What is the best beer you’ve made so far?
My best beer has been my golden ale, which is a cross between a pale ale and an imperial pale ale. It was very good.

Did you make any mistakes when you were first learning to brew?
I’ve only had one go bad—that was my amber ale. I made a mistake by putting the yeast in when the temperature was too hot. The yeast has to have an exact temperature while it’s fermenting and it got too hot, so the beer got nasty.
Like I said, I just made a black lager and lagers ferment at 52 degrees, while ales ferment at 72 degrees, so I had to put my lager into a refrigerator up in the tower where I live. The temperature kept fluctuating, so I’m worried about how it’s going to turn out, but I think it will be okay. It will be drinkable; people will drink it. That’s another nice thing about brewing – people don’t care as much about the beer as you do, they’re just glad to have free beer.

Do you have dreams of starting up your own microbrewery?
It would be really cool. I have talked to my captain who brewed and we would want to open one up. I would love to have a restaurant brewery, but I think it’s probably just going to stay a hobby. Now I have a kegerator, so I can hook the keg up to a tap and I can pour the beer out of a tap which is cool, kind of like a bar. We actually have a bar built up in the tower.
In Chicago, where I’m from, there are a lot of home brewers. My wish for home brewing is that it helps beer become as established as wine as something to actually enjoy. A good beer is something that a lot of people underrate because of the beer experience at colleges, and beyond. I would love for people to consider “Let’s go have a beer” in the same vein as “Let’s go try a nice wine.” It’s cool when people get excited about unique beers and I think within the past five or ten years, beer has become a more appreciated art form, like cooking. It’s just cooking, you know?
I’m interested in having an ExCo about beer education. Letting people know what real beer is like, what goes into real beer, what makes beer taste the way it does. I think people would be interested in it.

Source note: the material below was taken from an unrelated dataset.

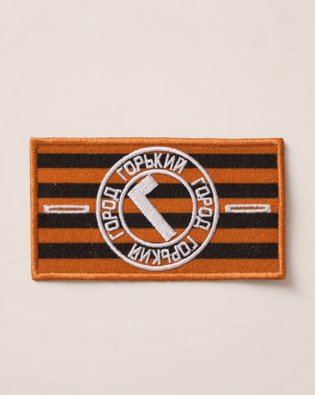 Патч выполнен в форме нашивки с креплением на пуговицах — вы легко зафиксируете его на одежде и при необходимости снимете без повреждения ткани. Основой дизайна стала георгиевская лента, на фоне которой размещено фирменное лого бренда «Город Горький». Лаконичное, но выразительное сочетание патриотической символики и уличной эстетики.

What makes cheap beer taste so gross?
It’s manufacturing such a large quantity, and brewers like Budweiser use rice instead of grains. Some of the grains in beer impart flavor and some of the grains turn into alcoholic sugars. Budweiser uses a few grains for flavor, and they mainly use rice for their alcoholic sugars, which is cheaper, a lot more available and they can produce such a large quantity.
I have toured a big brewery and a little brewery and there isn’t much difference, just size of equipment. Bell’s, they’re in Kalamazoo, MI, operates on a pretty large scale, even though they’re considered still a craft brewery. Goose Island used to be considered a craft brewery, but now they aren’t anymore because they were bought by Anheuser-Busch. They still make really good beers, though. 312 has really popularized wheat beers. They’ve done a good thing for the home brew community.
A lot of bigger breweries focus on clarity, like, if a beer is clear it has been prepared well. I don’t know how much I agree with that. It’s actually really hard to mess up a batch of beer because a lot of the cleaning happens through the yeast. I would say the worst thing you can do to your beer is not sanitize your equipment before you put the beer through it, because then it picks up weird stuff. Sanitation is the biggest issue in beer-making.